I’m not sure of the origin of this piece, but I was going though some old emails that I had saved and this was there. Upon reading it again, I looked back of some of the mistakes that I’ve made thoughout the course of various relationships. I’m sure that there is something there that we all can relate to. So I figured that I’d share it is a thought for the day.
How to Ruin A Perfectly Good Relationship
1. Control everything and everyone
2. Never take the blame yourself; instead, make your partner wrong
3. Make it a habit to spend more money than you have
4. Win every fight, even the ones you couldn’t care less about
5. Keep score
6. Use threat often
7. Find your partner’s weak spot and use it against him/her.
8. When your partner tries to please you, find fault with their efforts
9. Hold fast to the belief: “If you loved me you would know what I want”
10. Demand your partner remain faithful but refuse to meet his or her sexual needs
11. Use silence as a weapon
12. Pretend that you don’t hear
13. When your partner tries to apologize, bring up more complaints
14. Refuse to give information
15. When you realize you haven’t given your partner some important info, insist that you did
16. Claim to be the only one interested in the relationship
17. Never ask for help
18. Confide only in friends
19. Take it personally when your partner wants time alone
20. Discount your partner’s physical complaints
21. Give advice where it isn’t welcome
22. Never pick up after yourself
23. Refuse to seek help for your depression
24. Refuse to talk
25. Focus on changing your partner
26. Focus all your needs on sex
27. Take all problems as further proof that the relationship will not work
28. Put your friends before your partner
29. Keep romantic gestures to a minimum
30. Focus on your partner’s faults and deny your own
31. Let days go by without a kind word or loving gesture
32. Practice verbal abuse
33. Do not listen to your partner’s ideas or suggestions
34. Ask your partner to share feelings and when s/he does, EXPLODE
35. Start conversations when your partner is busy, or better yet, exhausted
36. Let disagreements fester
37. Say what you think your partner wants to hear, then do as you please
3. Make it a habit to spend more money than you have
Good point and it’s not just an issue exclusive to a person single.
5. Keep score
The eye for an eye mentality never works when in a relationship
7. Find your partner’s weak spot and use it against him/her.

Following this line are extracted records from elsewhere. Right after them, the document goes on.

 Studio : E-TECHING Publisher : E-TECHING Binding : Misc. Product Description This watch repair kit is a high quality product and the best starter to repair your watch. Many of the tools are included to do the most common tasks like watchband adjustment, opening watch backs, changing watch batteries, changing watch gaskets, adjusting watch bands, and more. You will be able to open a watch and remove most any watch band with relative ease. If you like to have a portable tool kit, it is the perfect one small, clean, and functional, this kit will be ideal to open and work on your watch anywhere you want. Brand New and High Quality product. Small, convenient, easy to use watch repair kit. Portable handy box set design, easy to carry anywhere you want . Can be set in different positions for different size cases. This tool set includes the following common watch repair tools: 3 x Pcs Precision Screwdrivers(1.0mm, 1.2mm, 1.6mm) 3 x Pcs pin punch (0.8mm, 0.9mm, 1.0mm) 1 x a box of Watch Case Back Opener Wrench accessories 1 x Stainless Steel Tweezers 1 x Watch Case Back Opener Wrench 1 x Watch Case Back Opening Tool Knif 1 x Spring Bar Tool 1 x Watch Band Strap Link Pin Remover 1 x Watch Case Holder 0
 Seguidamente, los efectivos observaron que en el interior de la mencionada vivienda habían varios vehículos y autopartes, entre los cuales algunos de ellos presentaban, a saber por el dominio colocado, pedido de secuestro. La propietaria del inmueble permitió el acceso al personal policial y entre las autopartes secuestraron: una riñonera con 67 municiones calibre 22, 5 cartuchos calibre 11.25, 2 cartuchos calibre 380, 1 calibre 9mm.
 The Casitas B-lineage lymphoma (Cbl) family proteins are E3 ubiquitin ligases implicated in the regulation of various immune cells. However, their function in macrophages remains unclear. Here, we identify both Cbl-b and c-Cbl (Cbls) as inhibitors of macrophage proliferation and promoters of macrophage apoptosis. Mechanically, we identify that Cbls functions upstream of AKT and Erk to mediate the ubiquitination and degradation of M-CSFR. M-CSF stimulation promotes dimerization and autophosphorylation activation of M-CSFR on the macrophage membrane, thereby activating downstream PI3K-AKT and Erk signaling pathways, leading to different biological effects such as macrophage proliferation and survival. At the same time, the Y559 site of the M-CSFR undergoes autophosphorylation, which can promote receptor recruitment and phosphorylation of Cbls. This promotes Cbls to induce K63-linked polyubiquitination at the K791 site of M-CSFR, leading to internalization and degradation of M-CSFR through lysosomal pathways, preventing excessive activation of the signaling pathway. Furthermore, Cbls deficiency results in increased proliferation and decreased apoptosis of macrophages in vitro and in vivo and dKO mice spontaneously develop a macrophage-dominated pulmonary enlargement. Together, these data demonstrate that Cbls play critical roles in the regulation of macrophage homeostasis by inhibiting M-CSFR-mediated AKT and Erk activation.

Will immediately shut the door of open and honest communication.
10. Demand your partner remain faithful but refuse to meet his or her sexual needs
Enough said
25. Focus on changing your partner
Preach!!!
31. Let days go by without a kind word or loving gesture
So simple, yet commonly forgotten.
37. Say what you think your partner wants to hear, then do as you please
The absolute truth!
This is a powerful list- in that its true. These things are so detrimental to relationships, and unfortunately, I’ve been guilty of some of them.

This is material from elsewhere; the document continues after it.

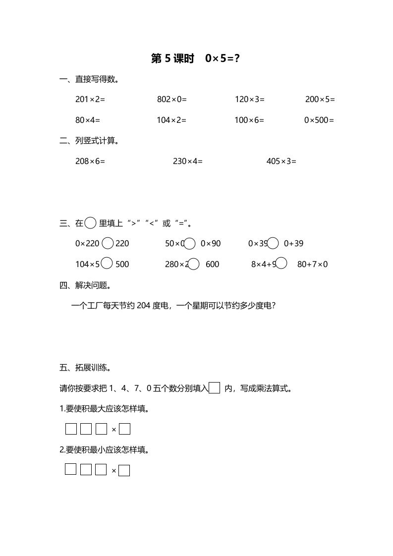 三年级数学上册第5课时0×5=?(北师大版)_共2页
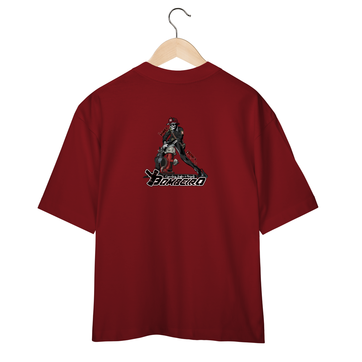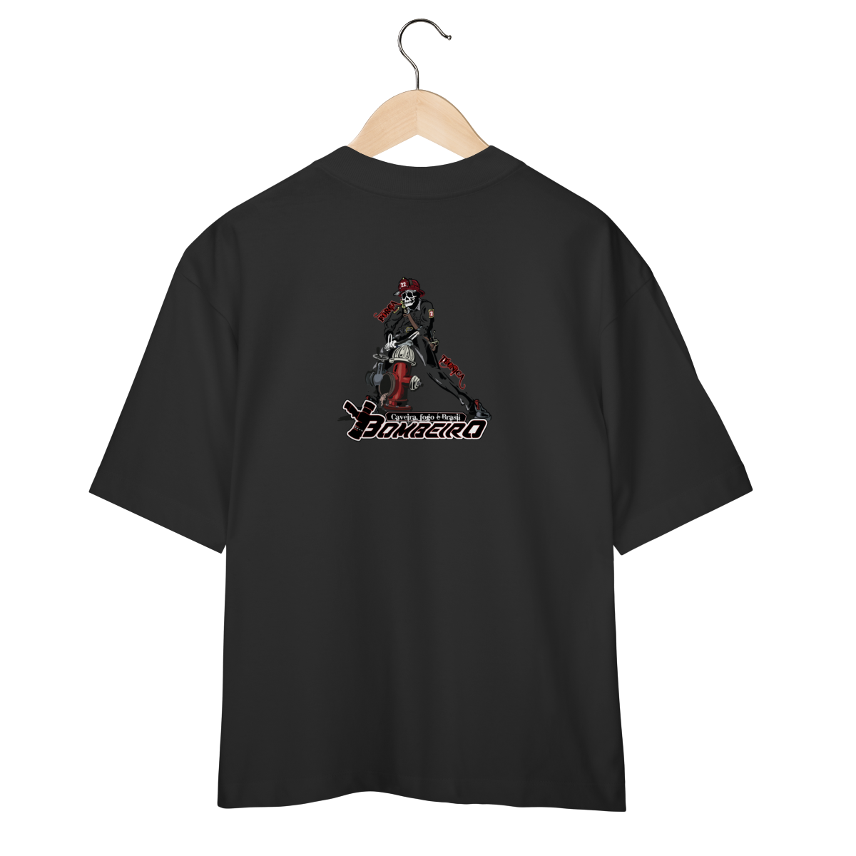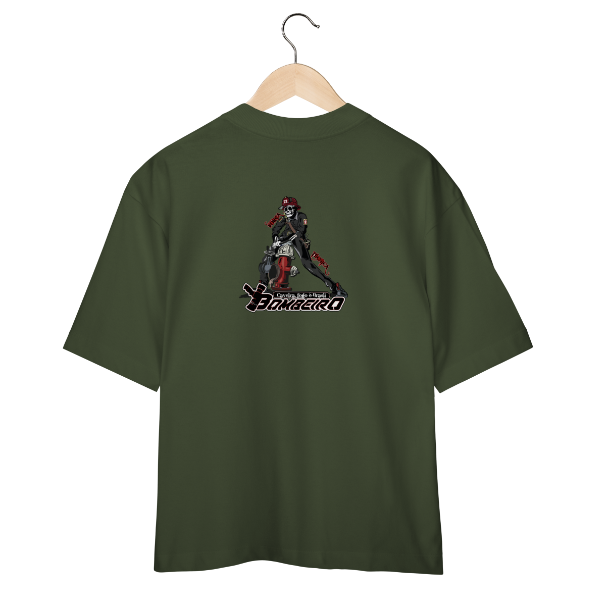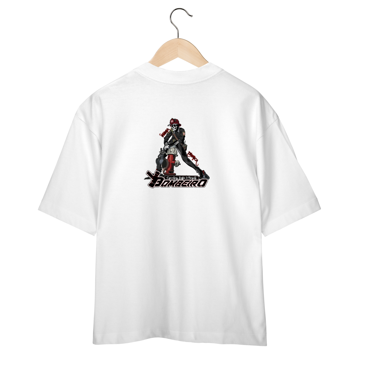 Na base, o lettering “Bombeiro – Caveira, Fogo e Brasil” completa o visual com identidade nacional, criando uma peça ideal para quem vive a profissão, honra a história e carrega o espírito de rua da tropa.

The one that rings a bell the most with me is this:
11. Use silence as a weapon
This is a definitely a weapon with devastating consequences after its used.

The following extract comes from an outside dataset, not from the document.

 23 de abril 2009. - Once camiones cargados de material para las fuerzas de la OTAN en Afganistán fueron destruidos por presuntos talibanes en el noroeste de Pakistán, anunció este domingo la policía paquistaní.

Thanks so much for posting this!
Peace.
~UB
I will bookmark this and come back to it when I am in a relationship?
It should be titled….WAYS TO LOSE A GOOD WOMAN…..naw just joking LOL……that can be applied to both. GOod list. But what happens if you don’t do any of these and your s/o still leaves?
@ woman on the move – I see you took note of some that might’ve touched a few nerves
@ urban butterfly – yeah, the silent thing is really a relationship killer in itself
@ Organized Noise – aiiight… do that
@ NegroPino – if the s/o still leaves then I suppose the relationship just wasn’t that significant and things weren’t meant to be
This was right on time!
I need to look at myself, and will pass it on to my S/O too.
Thanks Greg!
This was well put together and much so needed…some of these things are so simple yet we often forget about them or just ignore the fact that we do these things ourselves…in order for something to really work, we MUST first look at ourselves and do something about our OWN issues and faults…and STOP blaiming other folks…
GREAT post G!
Thanks for the birthday wishes. I had a blast and fortunately lived to tell. (silly snicker). This is a great piece for BOTH men and women. I’m not a male basher, I only bash the ones necessary. Women (in my opinion) tend to be their own worst enemies in relationships and those this points to, need to take note. And for the men, yeah, you need to read up too. For myself, remain single so I don’t have to worry about the majority of this.
I certainly was guily of the silent treatment-
I realize silence is never the answer. Basically it just shuts down all commmunication.